◆ **Records supplied**:
────

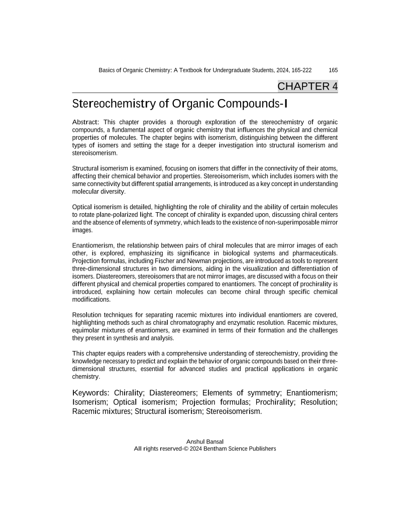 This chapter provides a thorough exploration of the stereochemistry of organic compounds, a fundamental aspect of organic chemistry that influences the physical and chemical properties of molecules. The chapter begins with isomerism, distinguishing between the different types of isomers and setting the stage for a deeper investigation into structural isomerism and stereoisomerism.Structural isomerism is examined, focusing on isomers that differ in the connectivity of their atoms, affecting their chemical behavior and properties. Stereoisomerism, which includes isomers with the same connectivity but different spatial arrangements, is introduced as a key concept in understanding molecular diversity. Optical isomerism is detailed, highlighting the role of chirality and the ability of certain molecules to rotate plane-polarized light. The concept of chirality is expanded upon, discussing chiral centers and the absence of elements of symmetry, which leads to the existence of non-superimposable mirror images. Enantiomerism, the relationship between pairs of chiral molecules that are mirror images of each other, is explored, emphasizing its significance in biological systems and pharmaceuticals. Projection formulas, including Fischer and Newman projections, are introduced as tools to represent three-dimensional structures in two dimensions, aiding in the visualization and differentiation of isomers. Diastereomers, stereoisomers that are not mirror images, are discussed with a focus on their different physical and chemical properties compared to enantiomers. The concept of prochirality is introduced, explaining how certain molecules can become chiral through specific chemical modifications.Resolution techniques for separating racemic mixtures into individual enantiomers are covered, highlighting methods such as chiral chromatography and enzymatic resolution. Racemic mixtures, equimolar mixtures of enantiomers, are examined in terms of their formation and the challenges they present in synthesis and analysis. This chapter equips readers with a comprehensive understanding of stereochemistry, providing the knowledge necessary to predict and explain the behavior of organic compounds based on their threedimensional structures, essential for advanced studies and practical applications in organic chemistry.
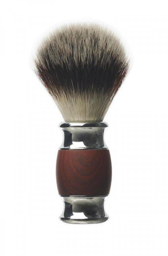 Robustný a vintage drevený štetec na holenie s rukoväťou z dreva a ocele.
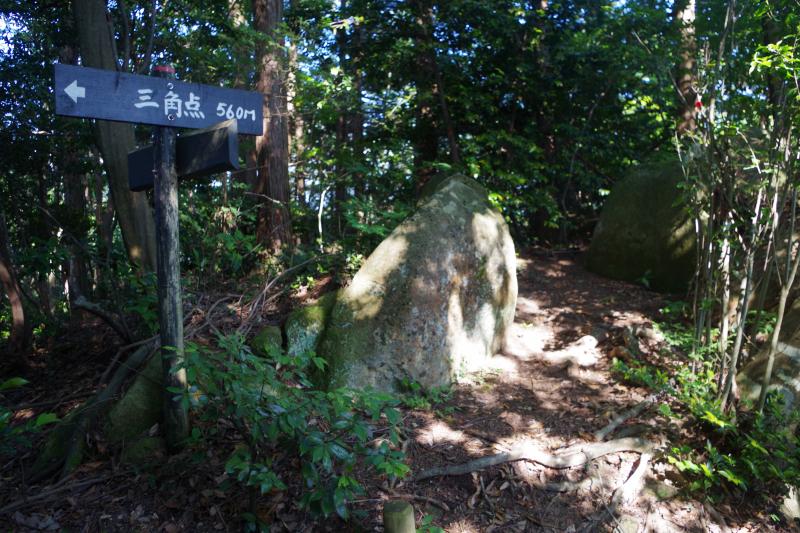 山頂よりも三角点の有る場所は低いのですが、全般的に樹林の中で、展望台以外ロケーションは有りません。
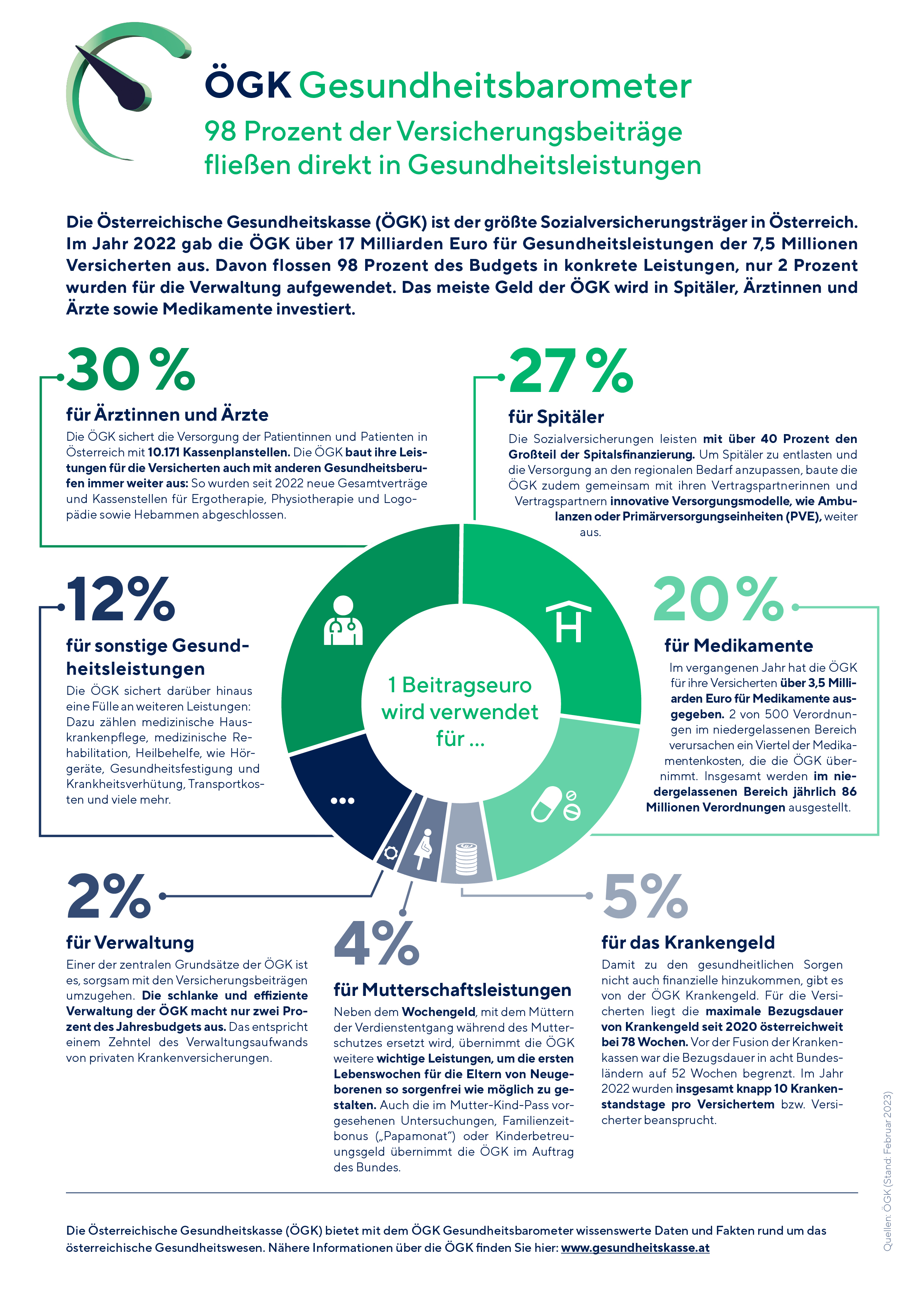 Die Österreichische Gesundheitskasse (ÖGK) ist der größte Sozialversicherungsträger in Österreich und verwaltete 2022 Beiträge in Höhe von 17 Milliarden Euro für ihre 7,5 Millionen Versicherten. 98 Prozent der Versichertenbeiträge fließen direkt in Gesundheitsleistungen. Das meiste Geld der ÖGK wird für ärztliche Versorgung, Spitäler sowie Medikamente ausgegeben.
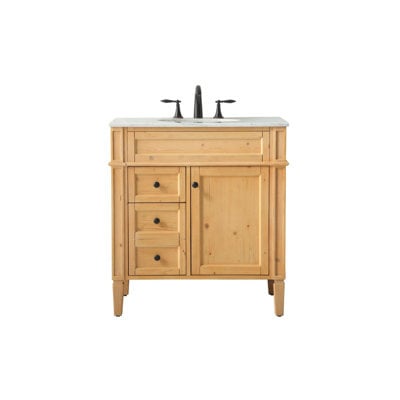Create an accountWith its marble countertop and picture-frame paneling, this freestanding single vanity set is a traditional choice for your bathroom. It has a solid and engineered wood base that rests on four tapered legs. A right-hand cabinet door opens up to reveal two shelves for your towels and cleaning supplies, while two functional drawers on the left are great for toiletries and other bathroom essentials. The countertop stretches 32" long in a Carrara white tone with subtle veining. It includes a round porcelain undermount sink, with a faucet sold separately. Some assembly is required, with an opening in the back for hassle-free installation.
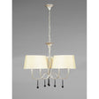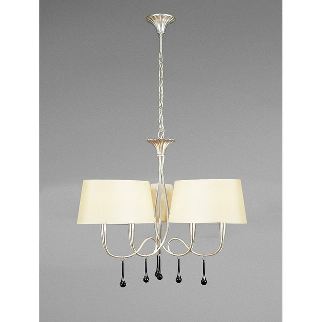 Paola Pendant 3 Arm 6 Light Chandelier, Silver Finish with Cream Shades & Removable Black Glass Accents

────

◆ **Exercise instructions**:
Your task is to restate word for word the lines from the line holding "Die Österreichische Gesundheitskasse" through the final line of the listing, both included, but none of the pictures.

◆ **Output for this task**:
 Die Österreichische Gesundheitskasse (ÖGK) ist der größte Sozialversicherungsträger in Österreich und verwaltete 2022 Beiträge in Höhe von 17 Milliarden Euro für ihre 7,5 Millionen Versicherten. 98 Prozent der Versichertenbeiträge fließen direkt in Gesundheitsleistungen. Das meiste Geld der ÖGK wird für ärztliche Versorgung, Spitäler sowie Medikamente ausgegeben.
Create an accountWith its marble countertop and picture-frame paneling, this freestanding single vanity set is a traditional choice for your bathroom. It has a solid and engineered wood base that rests on four tapered legs. A right-hand cabinet door opens up to reveal two shelves for your towels and cleaning supplies, while two functional drawers on the left are great for toiletries and other bathroom essentials. The countertop stretches 32" long in a Carrara white tone with subtle veining. It includes a round porcelain undermount sink, with a faucet sold separately. Some assembly is required, with an opening in the back for hassle-free installation.
 Paola Pendant 3 Arm 6 Light Chandelier, Silver Finish with Cream Shades & Removable Black Glass Accents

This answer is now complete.